MATERIAL PROVIDED: Begin
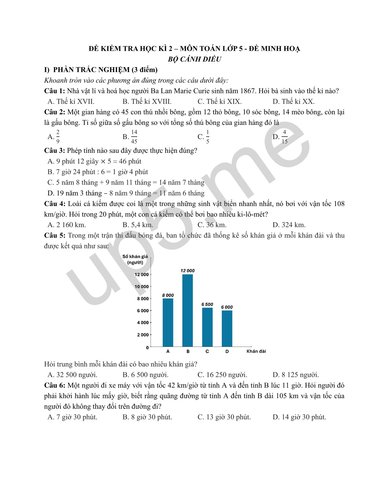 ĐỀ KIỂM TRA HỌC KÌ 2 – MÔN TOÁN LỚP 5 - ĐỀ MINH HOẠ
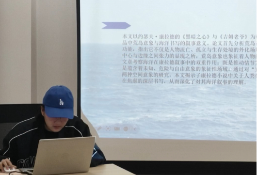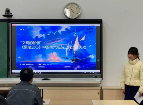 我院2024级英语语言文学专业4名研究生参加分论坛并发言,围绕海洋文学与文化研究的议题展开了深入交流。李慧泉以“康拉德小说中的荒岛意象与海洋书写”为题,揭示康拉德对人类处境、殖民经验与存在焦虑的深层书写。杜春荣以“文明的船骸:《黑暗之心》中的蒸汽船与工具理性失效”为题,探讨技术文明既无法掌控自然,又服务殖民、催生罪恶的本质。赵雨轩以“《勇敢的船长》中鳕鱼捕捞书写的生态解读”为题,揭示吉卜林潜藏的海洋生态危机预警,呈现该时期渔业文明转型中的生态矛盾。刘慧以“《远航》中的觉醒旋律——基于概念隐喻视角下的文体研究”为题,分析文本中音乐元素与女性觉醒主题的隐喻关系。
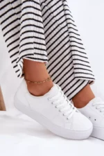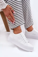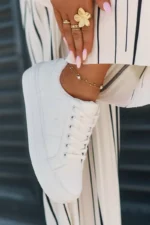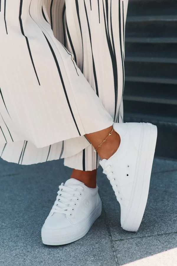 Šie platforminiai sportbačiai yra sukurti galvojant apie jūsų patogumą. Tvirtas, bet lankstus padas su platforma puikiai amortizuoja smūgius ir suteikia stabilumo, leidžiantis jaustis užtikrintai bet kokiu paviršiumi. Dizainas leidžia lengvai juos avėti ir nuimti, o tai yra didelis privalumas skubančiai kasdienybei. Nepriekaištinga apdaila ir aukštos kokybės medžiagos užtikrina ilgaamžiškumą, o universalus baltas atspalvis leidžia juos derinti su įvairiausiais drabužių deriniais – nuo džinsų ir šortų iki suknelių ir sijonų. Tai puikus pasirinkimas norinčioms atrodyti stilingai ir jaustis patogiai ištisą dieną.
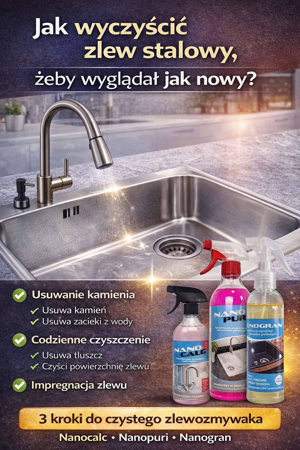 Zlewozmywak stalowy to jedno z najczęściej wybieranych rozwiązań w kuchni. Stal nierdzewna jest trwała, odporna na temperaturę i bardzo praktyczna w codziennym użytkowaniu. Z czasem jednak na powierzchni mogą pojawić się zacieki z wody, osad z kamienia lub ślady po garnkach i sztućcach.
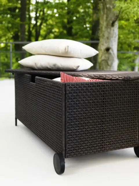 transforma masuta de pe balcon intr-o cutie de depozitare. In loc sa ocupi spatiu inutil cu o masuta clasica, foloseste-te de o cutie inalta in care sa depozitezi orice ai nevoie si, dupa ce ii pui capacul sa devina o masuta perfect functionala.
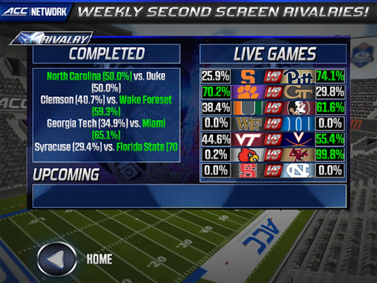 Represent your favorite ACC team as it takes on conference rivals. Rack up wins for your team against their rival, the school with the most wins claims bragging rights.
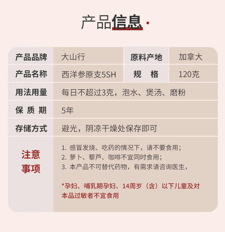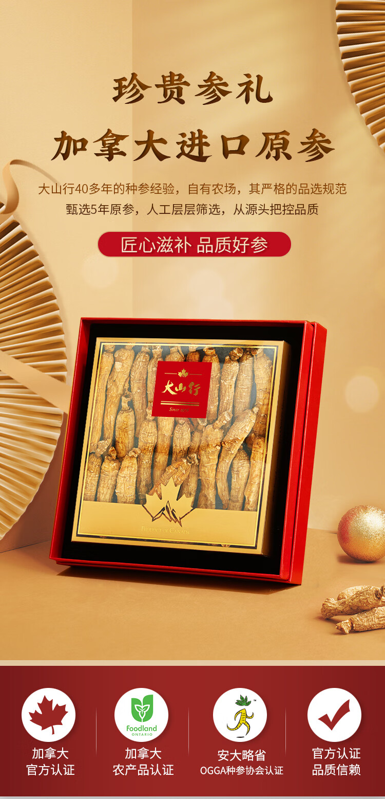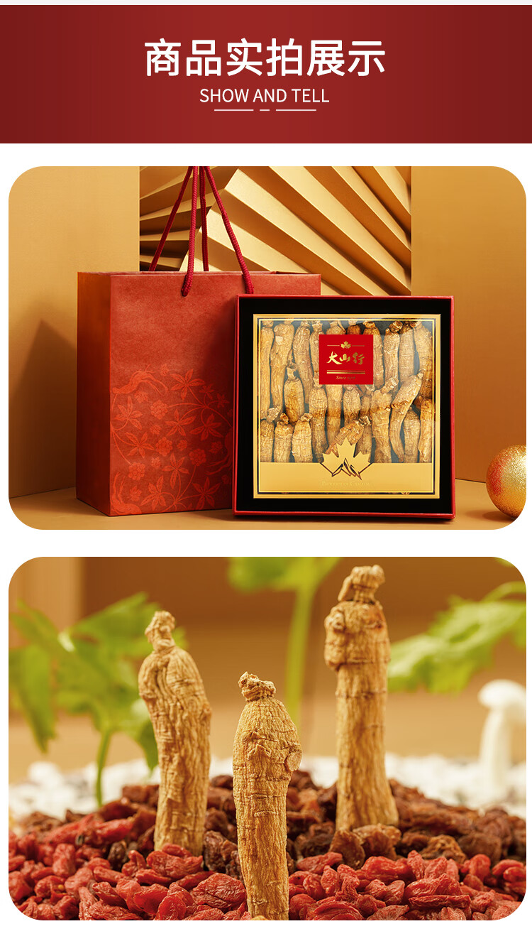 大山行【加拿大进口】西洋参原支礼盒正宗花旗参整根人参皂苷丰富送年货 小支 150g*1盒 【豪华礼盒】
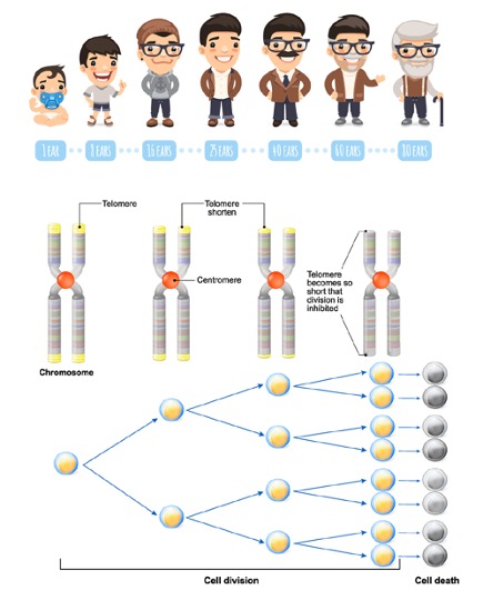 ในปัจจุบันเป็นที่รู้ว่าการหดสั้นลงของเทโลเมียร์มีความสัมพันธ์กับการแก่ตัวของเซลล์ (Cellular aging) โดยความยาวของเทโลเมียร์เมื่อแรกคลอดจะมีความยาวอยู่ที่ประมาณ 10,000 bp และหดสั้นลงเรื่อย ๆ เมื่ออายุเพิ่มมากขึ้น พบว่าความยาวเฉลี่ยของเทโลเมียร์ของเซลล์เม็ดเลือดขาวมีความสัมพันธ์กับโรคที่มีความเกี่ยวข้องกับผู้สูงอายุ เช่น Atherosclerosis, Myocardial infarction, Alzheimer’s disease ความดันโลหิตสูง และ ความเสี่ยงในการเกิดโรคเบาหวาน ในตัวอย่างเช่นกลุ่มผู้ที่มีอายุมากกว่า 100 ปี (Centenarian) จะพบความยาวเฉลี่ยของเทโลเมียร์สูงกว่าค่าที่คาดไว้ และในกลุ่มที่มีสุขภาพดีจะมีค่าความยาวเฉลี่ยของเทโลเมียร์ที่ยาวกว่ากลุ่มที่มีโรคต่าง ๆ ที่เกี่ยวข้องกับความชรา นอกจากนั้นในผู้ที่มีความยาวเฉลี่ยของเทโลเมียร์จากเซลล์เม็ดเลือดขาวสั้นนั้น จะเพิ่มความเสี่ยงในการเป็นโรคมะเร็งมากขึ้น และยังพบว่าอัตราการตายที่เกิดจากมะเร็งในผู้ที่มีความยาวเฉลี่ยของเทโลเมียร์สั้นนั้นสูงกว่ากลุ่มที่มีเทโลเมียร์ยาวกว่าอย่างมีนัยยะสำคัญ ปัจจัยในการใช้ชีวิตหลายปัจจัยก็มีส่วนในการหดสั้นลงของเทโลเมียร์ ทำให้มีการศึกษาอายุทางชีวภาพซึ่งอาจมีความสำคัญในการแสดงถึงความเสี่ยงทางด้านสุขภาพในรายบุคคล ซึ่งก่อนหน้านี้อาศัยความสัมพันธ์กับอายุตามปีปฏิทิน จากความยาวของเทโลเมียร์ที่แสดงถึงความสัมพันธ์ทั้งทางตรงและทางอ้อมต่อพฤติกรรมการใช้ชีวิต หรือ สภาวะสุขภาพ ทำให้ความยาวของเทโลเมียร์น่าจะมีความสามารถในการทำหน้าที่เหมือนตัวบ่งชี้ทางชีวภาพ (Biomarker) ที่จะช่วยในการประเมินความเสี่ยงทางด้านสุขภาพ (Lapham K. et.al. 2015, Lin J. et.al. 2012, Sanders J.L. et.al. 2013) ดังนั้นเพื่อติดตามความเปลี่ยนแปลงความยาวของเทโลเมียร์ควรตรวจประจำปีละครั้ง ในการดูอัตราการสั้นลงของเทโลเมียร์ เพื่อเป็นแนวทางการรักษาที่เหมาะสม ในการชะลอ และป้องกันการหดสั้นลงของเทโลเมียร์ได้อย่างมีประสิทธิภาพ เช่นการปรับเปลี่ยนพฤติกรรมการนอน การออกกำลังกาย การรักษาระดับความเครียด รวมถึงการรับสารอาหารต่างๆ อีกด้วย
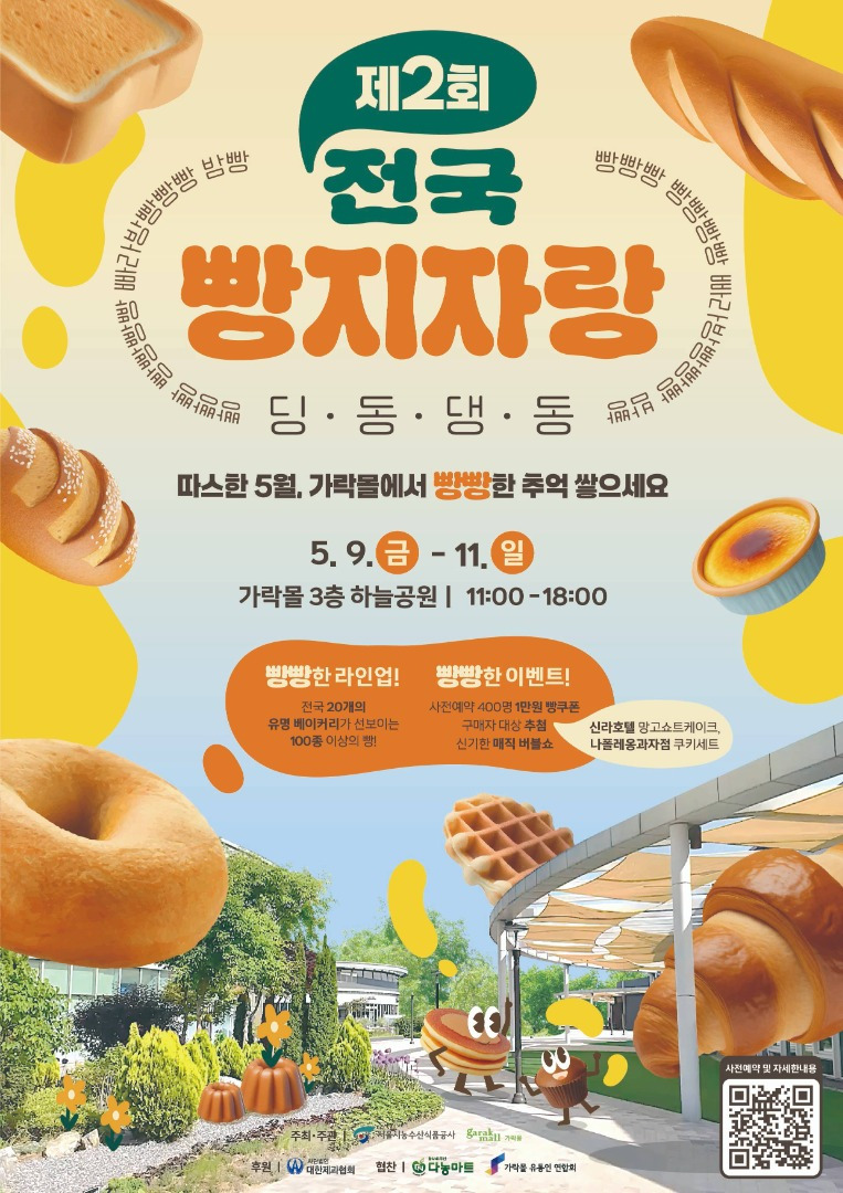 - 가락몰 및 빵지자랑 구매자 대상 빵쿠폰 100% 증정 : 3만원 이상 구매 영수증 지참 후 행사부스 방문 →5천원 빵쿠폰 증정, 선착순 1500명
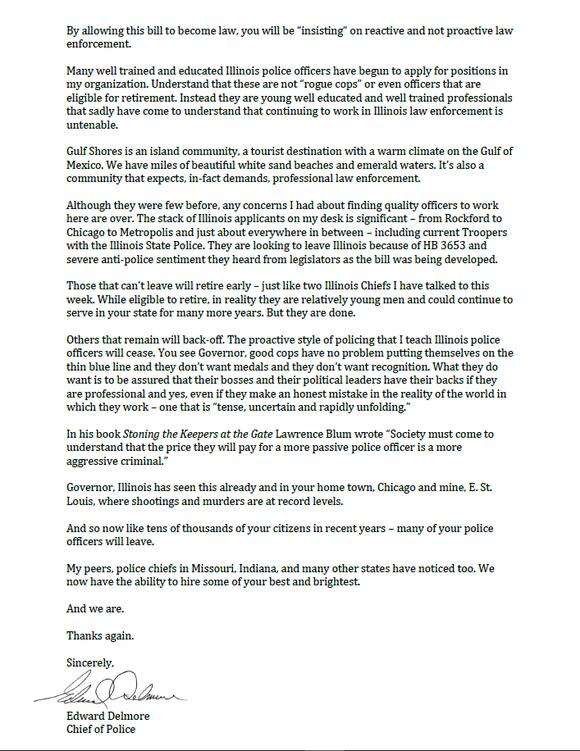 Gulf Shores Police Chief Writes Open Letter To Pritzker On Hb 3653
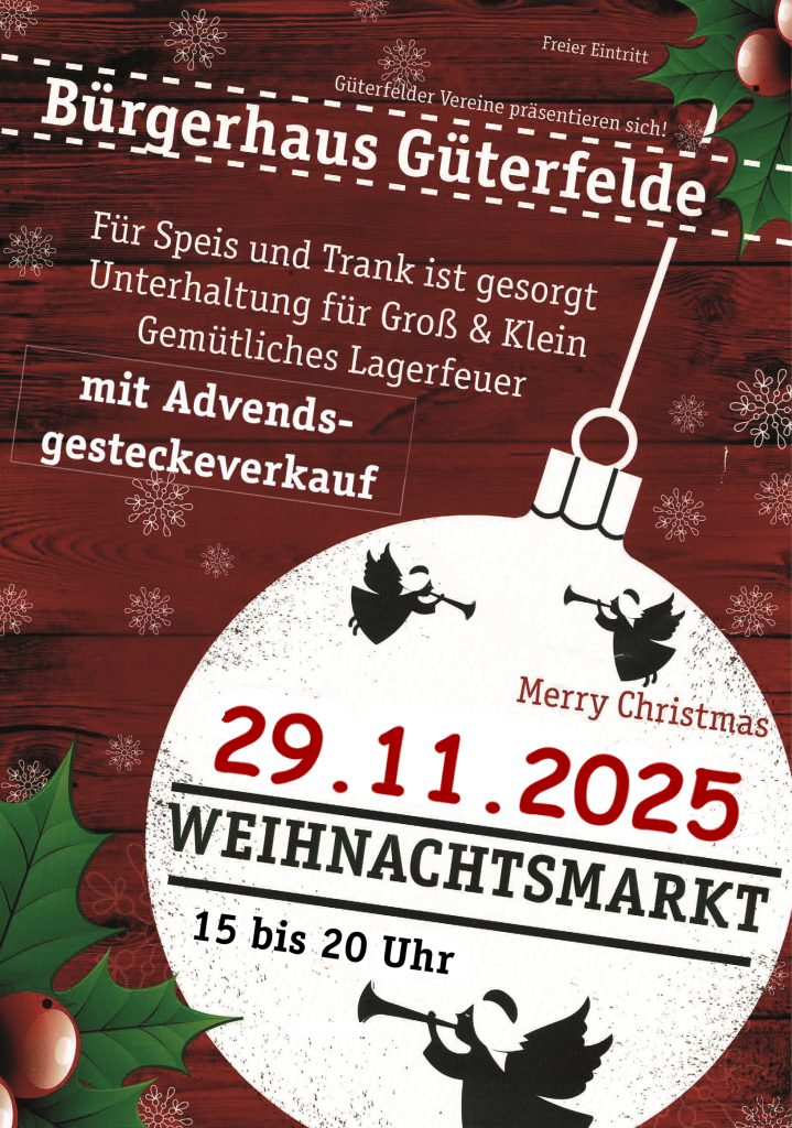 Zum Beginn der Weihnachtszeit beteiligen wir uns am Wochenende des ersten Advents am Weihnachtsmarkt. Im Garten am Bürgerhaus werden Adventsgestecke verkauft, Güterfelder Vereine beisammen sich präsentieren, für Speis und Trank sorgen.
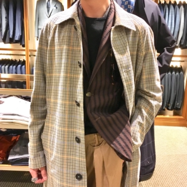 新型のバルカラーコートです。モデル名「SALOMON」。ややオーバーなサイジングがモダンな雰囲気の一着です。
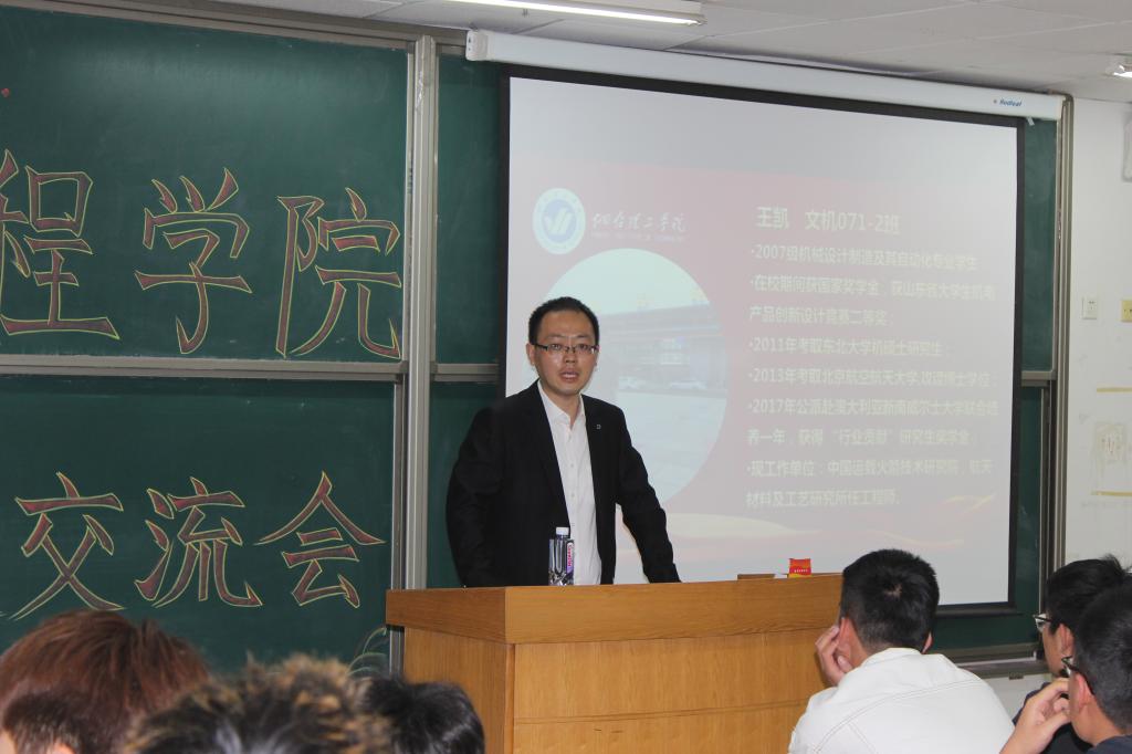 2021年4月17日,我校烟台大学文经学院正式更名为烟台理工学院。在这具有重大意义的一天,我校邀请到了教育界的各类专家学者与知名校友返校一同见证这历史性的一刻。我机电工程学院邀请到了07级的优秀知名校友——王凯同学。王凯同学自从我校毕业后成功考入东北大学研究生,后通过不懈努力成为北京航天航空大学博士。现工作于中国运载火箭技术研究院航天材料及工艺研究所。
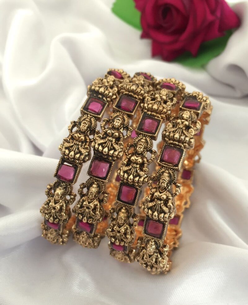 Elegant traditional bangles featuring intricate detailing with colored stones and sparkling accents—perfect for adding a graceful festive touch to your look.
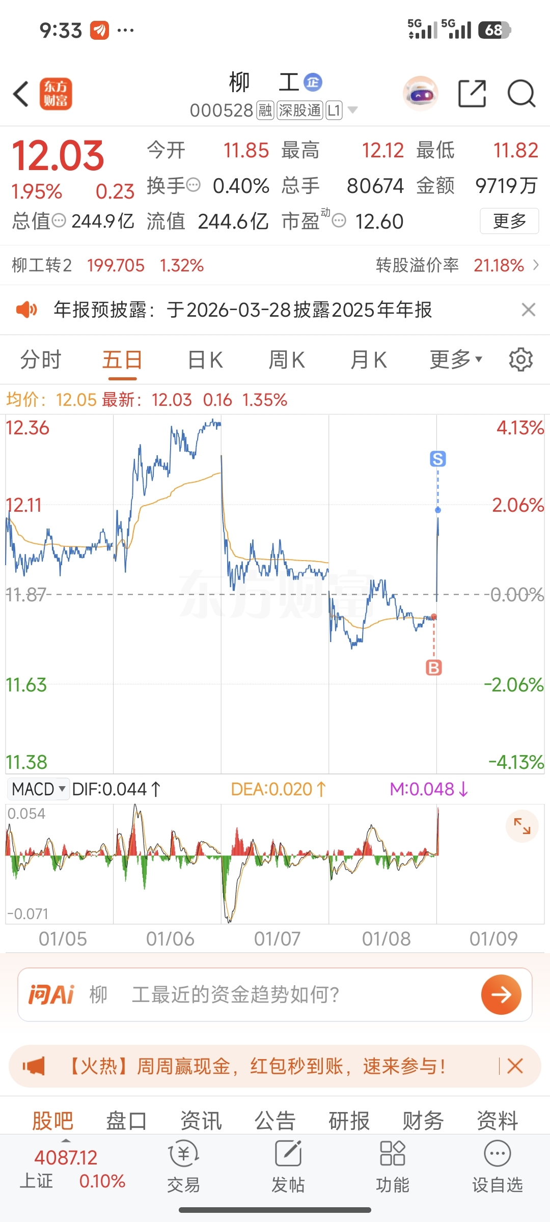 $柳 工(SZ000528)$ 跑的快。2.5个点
MATERIAL PROVIDED: End
» EXERCISE DESCRIPTION: Starting at the line where "新型のバルカラーコートです。" appears, restate every line through the end of the records above exactly, but omit the pictures.

» PROBLEM SOLUTION:
 新型のバルカラーコートです。モデル名「SALOMON」。ややオーバーなサイジングがモダンな雰囲気の一着です。
 2021年4月17日,我校烟台大学文经学院正式更名为烟台理工学院。在这具有重大意义的一天,我校邀请到了教育界的各类专家学者与知名校友返校一同见证这历史性的一刻。我机电工程学院邀请到了07级的优秀知名校友——王凯同学。王凯同学自从我校毕业后成功考入东北大学研究生,后通过不懈努力成为北京航天航空大学博士。现工作于中国运载火箭技术研究院航天材料及工艺研究所。
 Elegant traditional bangles featuring intricate detailing with colored stones and sparkling accents—perfect for adding a graceful festive touch to your look.
 $柳 工(SZ000528)$ 跑的快。2.5个点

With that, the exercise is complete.